Dennis himself, who was an artist, had bought this historic house and collected items around which he had created a story fitting to the artefacts and the house and the area and then opened it to the public but most definitely did not want it known as a ‘museum’. There are two rooms on each of five levels from the basement cellar (complete with remains of the Spital lepers) and well provisioned kitchen through his and her room sets – these are candle lit and some included a warming fire – until you get to the top floor where the poor weavers were reduced to multi-occupancy and poverty and living with the job, where they could. The smells are mostly benign of sweetmeats and smoke and would I suspect have been much fouler back in the day with rank chamber pots and unwashed bodies. Our party of 30, which looked very modest in the synagogue, rather overfilled this house (although admitted in staggered groups of eight) which rather detracted from the atmosphere though we all adhered to the requested silence so we could hear the sounds of ‘the family Jervis’ having just gone about their business through the ages, starting with a room the age of the house when new and finishing with Victoria’s accession. Unlike the synagogue photography was of course forbidden.

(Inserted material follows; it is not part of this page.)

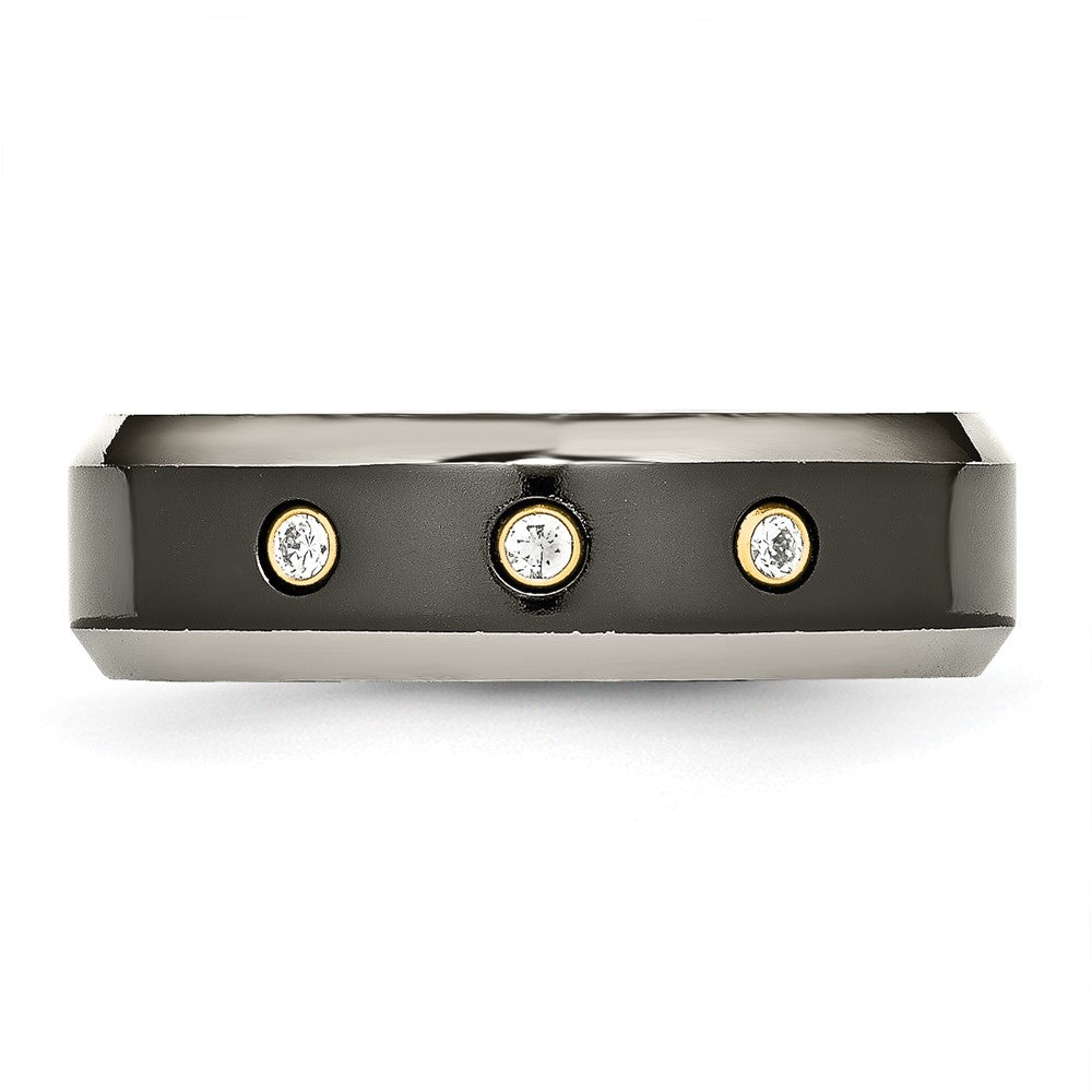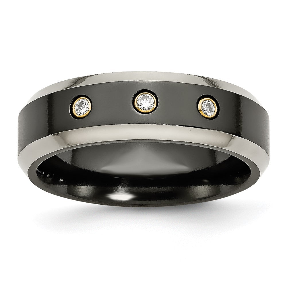 The Titanium Black Ti with 14K Inlay is a stunning wedding band that makes a bold statement. This 7mm ring features a polished finish and a beveled edge for a sleek look. It is crafted from durable titanium with a black hue and accented with three round white diamonds, totaling 0.09 carats. The diamonds add sparkle without overpowering the design. Designed for both men and women, this ring is perfect for those who love style and strength. With its natural stones and tough build, Titanium Black Ti with 14K Inlay is a true symbol of lasting love.

The experience, because that is what it is, was a bit reminiscent of Punchdrunk Theatre with carefully curated ‘sets’ where perusal of small details may give you clues as to the residents’ life style and what had just been going on before you arrived... I think when this was first made available to members of the public it was truly original and absorbing; I fear years down the line there have been imitators of this kind of display which you can now see in more mainstream settings. However the attention to detail was meticulous, the ensemble effect consumate and the love and care behind it palpable, and it made an excellent complement to see the inside of a house in this area (which is so threatened with further development) alongside the place of worship of some of the erstwhile residents.